» Problem to work on
Your task is to copy the lines of the data below from the line holding "- Sort your" through the line holding "此时需要使用包裹里的任务物品", inclusive, exactly and with nothing added.

Collected data entries
↓↓↓

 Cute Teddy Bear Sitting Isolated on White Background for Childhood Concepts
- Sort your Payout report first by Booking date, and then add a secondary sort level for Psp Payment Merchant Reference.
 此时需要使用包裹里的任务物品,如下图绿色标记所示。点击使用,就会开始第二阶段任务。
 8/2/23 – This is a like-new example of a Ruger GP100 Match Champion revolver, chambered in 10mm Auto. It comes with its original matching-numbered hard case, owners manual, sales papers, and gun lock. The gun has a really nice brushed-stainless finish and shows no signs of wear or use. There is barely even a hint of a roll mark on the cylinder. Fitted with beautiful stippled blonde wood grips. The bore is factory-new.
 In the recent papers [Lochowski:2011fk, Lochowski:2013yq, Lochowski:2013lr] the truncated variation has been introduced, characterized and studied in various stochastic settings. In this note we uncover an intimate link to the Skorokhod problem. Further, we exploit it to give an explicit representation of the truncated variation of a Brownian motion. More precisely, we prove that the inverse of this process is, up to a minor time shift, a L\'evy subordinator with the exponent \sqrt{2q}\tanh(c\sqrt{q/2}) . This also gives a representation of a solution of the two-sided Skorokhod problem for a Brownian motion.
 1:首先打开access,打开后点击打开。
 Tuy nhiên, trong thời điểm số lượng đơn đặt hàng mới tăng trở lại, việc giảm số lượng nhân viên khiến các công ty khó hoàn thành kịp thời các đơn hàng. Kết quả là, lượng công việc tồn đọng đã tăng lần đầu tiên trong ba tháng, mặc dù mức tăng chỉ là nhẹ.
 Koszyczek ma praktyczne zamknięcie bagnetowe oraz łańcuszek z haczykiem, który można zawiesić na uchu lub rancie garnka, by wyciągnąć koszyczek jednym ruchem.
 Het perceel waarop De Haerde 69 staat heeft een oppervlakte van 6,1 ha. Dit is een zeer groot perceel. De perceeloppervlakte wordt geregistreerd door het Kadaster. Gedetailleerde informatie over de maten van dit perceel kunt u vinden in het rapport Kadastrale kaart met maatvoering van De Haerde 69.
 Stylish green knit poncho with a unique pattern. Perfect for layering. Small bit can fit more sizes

↑↑↑

» Result below
- Sort your Payout report first by Booking date, and then add a secondary sort level for Psp Payment Merchant Reference.
 此时需要使用包裹里的任务物品,如下图绿色标记所示。点击使用,就会开始第二阶段任务。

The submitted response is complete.